El Genio Marcial que lo Recuerda Todo Novela - Capítulo 160
Capítulo 160
Capítulo 160. El dragón de la llama negra que calma el caos (5)
“¡Aaaaaagh!”
Snake Evil gritó al ver la espada de Sword Evil, que se le había clavado profundamente en el muslo.
Mientras que la Banda Mukhyul también estaba desconcertada por la repentina situación y no sabía qué hacer, Sword Evil, que había volado cinco jang de distancia, se levantó de su lugar mientras sangraba.
“Pagaré… Te mataré…”
“Fue Snake Evil quien te golpeó, ¿por qué me estás matando?”
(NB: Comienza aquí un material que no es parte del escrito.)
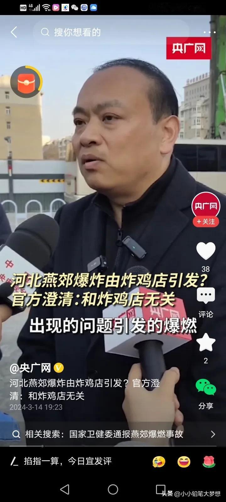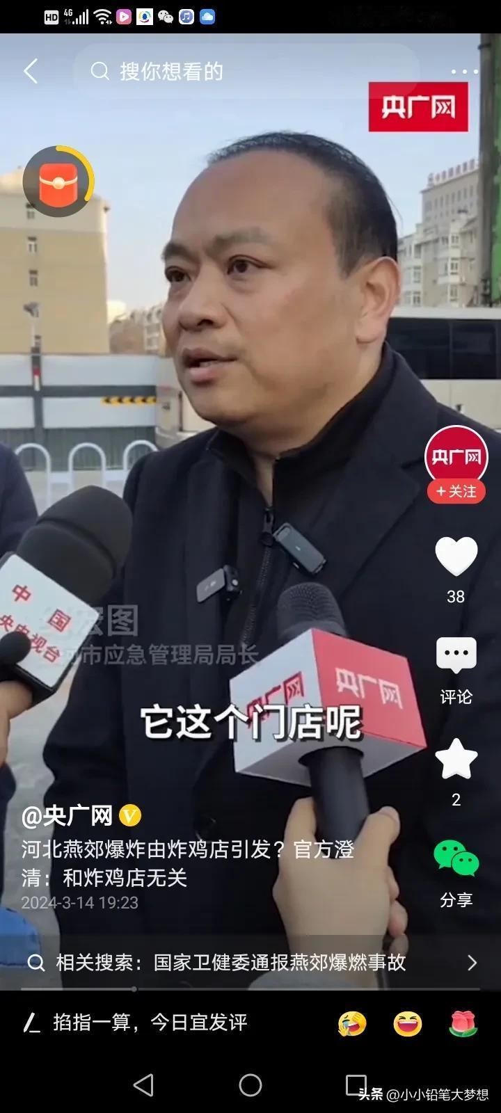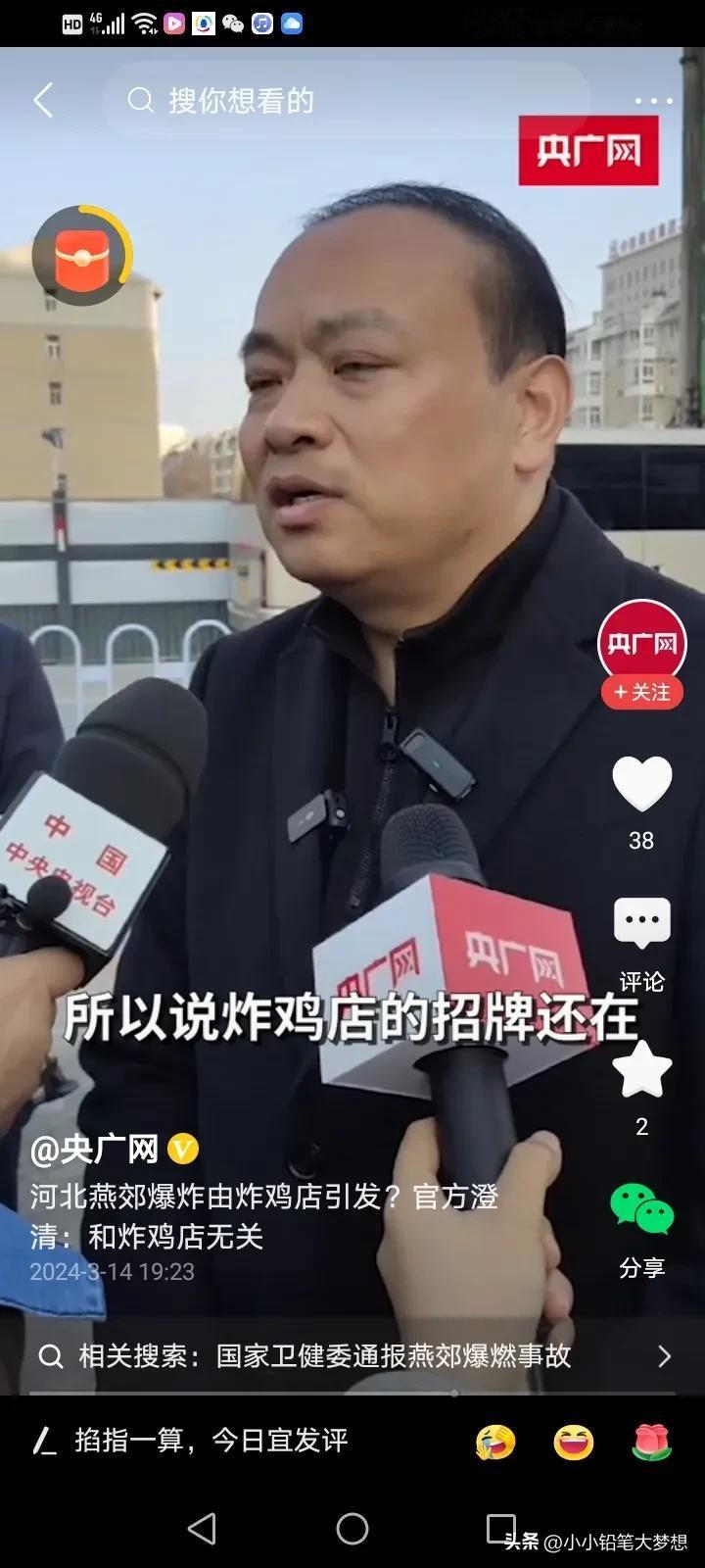 官方媒体当时报道是炸鸡店内爆炸,为什么这么说呢?终于有人出来解释了!这个接受采访的是应急管理局的局长,他说现在具体是哪家门店是爆炸点,还不确认,因为这栋楼下面有四个门店,四个门店都是连着的,当时这是四个门店的招牌全部给炸没了,根本就不知道坐标,而旁边刚好有一家炸鸡店,炸鸡店的招牌还在,所以当时就以这个坐标来报道,所以造成了这样的误会,实际上是与炸鸡店无关的! 炸鸡店真是冤哦,急得这个老板一直在网上澄清,不是自己家的店爆炸,他们不背这个锅,他们当时还没有开门,而且他们也不用燃气,他们家是用电的。 这样报道确实有点不严谨啊……误导了好多人,一传百,百传万,所以就造成了这样的误会。

Espada Maligna miró una vez al sufrimiento Serpiente Maligna, y luego dijo:
“……Me enfrentaré a Snake Evil más tarde. Por ahora, te mataré.”
Asentí con la cabeza.
“Eso tiene un poco más de sentido. Claro, solo si puedes atraparme.”
Antes de que Sword Evil y los miembros de la Banda Mukhyul pudieran moverse, desplegué el Arte del Movimiento Celestial Inigualable y salté hacia el cielo.
¡ESTALLIDO!
Mientras la superficie de la tierra se ondulaba como una ola y bloqueaba la visión de Sword Evil al precipitarse hacia mí, subí al pabellón e inmediatamente escapé de la Banda Mukhyul.
Escuché el grito de Sword Evil mientras intentaba desesperadamente seguirme.
“¡Mi pagaré!”
Dije que dejaran de tratar a la gente como objetos.
Me dirigí directamente a la sucursal de Hao Gate.
El tiempo apremiaba, pero debía haber cierto margen de maniobra antes de que las noticias de la Banda Mukhyul llegaran a la Secta Yujang.
Aun así, por si acaso, aceleré el paso y me dirigí a la tienda de telas, pero al llegar no pude evitar ladear la cabeza.
«¿Eh?»
Como era plena noche, incluso me había preparado para despertar al dueño de la tienda de telas, pero las luces de la tienda estaban encendidas y Hae-ryeong estaba de pie frente a ella.
«¿Qué pasó?»
“Pensé que vendrías, así que te estaba esperando.”
Como era de esperar, uno no se convertía en el primer discípulo del Maestro de la Puerta Hao por casualidad.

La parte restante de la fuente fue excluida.